Dataset excerpts
--------------------

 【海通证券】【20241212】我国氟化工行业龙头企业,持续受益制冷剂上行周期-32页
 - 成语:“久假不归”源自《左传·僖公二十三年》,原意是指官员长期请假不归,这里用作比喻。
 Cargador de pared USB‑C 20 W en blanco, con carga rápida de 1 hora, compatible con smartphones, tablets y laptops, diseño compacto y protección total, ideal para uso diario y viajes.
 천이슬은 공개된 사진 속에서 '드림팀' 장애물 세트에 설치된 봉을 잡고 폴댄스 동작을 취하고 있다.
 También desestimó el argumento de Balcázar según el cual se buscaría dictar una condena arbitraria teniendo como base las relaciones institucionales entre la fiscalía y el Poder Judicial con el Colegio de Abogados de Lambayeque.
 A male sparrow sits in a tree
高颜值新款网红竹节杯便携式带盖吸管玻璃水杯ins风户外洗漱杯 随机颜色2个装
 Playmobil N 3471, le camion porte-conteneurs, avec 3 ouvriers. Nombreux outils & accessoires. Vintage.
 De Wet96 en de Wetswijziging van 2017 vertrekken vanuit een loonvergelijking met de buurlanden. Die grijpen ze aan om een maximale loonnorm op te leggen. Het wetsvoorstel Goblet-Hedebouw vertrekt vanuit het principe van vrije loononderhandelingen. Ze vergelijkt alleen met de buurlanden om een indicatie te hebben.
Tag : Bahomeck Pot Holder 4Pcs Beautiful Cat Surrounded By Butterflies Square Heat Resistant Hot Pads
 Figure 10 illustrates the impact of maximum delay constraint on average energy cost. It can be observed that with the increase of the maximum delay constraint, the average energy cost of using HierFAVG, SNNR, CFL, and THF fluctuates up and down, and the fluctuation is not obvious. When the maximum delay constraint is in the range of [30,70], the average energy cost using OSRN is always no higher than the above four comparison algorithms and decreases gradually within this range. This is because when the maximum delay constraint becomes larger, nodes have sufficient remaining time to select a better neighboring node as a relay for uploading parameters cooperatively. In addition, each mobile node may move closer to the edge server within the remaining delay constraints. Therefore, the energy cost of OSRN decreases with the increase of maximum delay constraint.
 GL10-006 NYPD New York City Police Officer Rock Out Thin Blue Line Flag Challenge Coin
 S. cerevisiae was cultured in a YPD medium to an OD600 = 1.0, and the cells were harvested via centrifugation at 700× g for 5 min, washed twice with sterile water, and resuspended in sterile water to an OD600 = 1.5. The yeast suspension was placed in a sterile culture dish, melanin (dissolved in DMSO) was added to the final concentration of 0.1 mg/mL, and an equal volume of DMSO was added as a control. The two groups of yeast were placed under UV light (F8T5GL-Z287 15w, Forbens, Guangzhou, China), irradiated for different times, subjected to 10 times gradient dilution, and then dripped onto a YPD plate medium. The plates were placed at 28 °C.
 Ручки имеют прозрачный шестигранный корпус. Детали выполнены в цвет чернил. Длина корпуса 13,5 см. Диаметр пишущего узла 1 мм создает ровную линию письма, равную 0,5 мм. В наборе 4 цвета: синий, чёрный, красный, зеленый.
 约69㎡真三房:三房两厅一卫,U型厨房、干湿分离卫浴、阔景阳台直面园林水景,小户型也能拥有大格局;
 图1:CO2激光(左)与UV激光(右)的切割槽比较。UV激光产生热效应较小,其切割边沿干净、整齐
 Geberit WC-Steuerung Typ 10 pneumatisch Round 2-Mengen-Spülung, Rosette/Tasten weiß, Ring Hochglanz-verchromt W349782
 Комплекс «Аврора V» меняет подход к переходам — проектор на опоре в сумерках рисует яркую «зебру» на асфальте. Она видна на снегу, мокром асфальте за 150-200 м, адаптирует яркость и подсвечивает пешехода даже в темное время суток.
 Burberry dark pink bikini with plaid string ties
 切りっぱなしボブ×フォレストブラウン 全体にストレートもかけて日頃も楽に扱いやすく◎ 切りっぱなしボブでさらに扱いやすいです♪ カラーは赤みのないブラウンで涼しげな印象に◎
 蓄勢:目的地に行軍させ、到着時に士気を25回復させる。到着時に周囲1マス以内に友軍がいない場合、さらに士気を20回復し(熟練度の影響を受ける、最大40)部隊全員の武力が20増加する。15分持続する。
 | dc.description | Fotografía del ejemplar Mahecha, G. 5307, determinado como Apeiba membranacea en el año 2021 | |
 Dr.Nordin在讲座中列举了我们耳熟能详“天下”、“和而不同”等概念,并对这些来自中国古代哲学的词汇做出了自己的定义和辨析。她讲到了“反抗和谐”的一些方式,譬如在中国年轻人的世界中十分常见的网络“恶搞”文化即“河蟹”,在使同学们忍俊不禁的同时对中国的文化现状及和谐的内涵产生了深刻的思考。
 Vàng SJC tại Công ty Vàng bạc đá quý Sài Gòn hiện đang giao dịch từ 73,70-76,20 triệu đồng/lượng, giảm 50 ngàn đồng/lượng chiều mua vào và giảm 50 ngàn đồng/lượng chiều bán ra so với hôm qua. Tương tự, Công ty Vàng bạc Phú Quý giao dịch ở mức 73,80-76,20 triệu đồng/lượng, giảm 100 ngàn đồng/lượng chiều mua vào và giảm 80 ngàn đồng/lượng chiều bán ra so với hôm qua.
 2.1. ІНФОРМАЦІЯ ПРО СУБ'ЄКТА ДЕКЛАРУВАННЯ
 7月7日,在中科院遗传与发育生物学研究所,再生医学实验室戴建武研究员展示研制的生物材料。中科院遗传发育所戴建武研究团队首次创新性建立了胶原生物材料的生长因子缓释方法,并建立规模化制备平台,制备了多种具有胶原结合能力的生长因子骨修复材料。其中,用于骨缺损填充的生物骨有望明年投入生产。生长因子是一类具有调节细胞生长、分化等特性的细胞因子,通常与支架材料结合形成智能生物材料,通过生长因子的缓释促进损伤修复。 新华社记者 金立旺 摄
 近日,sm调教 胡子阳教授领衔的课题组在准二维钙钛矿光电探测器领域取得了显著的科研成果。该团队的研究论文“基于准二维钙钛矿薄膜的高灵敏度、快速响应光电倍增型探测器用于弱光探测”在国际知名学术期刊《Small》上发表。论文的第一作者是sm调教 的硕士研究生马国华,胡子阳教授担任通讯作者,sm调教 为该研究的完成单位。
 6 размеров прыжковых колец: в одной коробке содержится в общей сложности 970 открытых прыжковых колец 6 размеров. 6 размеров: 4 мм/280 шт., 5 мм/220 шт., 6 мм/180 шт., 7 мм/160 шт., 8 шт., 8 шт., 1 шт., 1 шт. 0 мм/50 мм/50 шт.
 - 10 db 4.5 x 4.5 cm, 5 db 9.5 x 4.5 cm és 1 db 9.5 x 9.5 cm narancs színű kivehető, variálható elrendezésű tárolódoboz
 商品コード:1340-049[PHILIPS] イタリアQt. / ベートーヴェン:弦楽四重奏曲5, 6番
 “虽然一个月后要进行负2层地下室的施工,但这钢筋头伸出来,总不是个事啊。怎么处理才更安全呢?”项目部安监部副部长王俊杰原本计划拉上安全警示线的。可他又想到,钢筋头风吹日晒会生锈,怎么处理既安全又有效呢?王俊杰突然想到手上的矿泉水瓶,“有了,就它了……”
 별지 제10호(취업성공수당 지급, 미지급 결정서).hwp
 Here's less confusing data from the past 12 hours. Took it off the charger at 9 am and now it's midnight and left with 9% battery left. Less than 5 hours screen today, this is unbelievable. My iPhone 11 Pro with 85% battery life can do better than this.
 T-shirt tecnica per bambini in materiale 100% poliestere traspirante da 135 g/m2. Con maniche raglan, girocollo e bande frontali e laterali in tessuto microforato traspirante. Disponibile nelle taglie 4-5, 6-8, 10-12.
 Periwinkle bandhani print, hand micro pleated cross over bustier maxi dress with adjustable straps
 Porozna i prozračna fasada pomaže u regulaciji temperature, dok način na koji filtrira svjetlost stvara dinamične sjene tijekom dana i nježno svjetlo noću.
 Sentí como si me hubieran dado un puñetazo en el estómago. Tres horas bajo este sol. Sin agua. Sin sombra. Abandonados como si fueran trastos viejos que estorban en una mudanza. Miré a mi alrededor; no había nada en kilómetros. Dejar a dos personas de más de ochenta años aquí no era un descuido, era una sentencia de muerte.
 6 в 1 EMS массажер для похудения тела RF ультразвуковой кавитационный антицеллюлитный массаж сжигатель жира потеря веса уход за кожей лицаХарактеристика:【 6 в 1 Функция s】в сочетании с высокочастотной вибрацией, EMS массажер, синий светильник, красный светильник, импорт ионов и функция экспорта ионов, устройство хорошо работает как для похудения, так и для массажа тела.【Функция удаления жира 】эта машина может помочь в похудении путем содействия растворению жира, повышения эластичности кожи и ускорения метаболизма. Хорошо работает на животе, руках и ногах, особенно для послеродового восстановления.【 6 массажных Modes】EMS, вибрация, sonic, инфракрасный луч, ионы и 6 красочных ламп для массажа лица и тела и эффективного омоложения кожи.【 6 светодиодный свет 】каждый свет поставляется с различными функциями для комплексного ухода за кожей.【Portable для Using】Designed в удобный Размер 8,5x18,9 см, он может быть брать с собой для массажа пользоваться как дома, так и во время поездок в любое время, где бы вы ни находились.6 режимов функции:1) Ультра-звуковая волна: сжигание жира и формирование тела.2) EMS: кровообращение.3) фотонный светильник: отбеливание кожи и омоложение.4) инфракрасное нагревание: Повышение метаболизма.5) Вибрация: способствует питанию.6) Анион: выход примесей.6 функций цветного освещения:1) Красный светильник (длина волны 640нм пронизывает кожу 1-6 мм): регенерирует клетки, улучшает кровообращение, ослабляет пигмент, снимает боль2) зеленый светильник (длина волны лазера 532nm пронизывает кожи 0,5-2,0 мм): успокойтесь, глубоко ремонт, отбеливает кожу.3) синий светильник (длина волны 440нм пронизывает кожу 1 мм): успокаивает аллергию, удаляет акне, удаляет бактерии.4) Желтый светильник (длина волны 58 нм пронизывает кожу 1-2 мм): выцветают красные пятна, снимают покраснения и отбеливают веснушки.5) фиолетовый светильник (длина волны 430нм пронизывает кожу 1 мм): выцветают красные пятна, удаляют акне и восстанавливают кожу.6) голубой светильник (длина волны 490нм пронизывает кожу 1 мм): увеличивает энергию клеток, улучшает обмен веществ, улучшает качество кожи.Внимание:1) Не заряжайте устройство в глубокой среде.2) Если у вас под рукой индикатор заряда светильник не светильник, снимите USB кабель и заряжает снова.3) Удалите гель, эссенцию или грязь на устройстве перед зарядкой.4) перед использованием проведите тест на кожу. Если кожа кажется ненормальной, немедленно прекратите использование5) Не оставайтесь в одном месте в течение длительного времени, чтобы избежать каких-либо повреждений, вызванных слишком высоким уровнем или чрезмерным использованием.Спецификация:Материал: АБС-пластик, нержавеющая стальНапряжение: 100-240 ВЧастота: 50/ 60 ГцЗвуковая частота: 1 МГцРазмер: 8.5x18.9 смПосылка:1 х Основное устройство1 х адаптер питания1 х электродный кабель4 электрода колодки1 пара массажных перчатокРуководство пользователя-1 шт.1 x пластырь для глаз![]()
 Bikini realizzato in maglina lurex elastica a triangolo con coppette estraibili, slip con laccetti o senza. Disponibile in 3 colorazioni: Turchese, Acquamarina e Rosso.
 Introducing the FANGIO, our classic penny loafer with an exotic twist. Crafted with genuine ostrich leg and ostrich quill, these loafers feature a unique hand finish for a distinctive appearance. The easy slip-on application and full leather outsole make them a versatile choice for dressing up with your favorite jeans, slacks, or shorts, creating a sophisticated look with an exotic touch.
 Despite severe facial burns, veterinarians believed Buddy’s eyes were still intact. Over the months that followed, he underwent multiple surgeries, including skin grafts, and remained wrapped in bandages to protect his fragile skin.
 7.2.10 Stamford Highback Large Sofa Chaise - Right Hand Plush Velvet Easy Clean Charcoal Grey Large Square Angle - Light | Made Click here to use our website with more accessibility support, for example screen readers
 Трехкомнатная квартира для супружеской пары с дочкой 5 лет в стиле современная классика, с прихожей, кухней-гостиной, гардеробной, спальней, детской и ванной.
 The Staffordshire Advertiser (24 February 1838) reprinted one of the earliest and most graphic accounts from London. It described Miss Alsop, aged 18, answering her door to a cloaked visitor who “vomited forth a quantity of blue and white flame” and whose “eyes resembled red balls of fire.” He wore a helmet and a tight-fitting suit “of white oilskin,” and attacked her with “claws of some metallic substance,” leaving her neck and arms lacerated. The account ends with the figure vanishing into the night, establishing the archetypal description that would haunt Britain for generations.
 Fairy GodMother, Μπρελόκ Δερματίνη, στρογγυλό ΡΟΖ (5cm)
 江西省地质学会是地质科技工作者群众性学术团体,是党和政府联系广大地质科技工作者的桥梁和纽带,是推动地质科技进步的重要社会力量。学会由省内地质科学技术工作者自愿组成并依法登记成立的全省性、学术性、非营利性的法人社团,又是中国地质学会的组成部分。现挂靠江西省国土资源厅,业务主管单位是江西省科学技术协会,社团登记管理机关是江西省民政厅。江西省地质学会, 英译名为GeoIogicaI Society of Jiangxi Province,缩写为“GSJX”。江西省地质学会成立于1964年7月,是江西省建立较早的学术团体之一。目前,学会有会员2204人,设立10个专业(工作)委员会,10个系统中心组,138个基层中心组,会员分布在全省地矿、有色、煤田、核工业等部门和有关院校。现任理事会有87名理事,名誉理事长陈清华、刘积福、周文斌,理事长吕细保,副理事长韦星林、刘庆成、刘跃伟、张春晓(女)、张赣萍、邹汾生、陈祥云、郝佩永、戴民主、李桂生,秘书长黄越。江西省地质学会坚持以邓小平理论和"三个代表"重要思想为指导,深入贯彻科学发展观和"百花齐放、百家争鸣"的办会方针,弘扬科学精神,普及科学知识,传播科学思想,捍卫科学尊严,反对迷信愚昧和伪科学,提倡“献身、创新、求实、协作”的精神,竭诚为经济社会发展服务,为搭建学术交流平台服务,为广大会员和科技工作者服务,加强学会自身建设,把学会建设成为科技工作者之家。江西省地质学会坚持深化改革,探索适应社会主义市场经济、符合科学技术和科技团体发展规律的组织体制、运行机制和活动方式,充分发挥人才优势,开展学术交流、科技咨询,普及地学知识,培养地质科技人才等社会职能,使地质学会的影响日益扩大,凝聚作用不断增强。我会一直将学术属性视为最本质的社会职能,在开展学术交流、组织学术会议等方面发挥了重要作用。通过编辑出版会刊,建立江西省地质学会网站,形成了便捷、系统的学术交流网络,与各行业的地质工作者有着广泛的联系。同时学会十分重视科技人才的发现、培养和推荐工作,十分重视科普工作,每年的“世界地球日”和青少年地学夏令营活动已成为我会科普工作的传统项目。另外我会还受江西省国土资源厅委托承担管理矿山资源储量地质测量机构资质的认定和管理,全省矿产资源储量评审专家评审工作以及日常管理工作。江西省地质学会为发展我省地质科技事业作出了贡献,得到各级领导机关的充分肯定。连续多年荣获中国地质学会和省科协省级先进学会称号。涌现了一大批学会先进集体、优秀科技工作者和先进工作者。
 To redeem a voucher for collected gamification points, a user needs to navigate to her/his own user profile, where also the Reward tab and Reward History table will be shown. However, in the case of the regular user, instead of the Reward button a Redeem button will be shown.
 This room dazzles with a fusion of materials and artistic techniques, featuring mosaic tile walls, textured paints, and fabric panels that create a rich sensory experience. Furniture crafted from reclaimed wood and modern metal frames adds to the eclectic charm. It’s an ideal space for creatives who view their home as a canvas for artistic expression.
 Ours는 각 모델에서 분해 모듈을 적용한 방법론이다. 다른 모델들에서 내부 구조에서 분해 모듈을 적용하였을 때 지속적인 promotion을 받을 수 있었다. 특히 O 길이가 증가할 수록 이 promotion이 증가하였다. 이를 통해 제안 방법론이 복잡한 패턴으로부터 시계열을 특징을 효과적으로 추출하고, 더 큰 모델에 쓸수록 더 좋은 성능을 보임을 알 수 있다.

--------------------

→ **TASK DETAILS**
Begin at the line that has "темное время суток." in the entries above; stop after the line that has "Burberry dark pink". Transcribe exactly those lines and no others.

→ **EXPECTED ANSWER**
 Комплекс «Аврора V» меняет подход к переходам — проектор на опоре в сумерках рисует яркую «зебру» на асфальте. Она видна на снегу, мокром асфальте за 150-200 м, адаптирует яркость и подсвечивает пешехода даже в темное время суток.
 Burberry dark pink bikini with plaid string ties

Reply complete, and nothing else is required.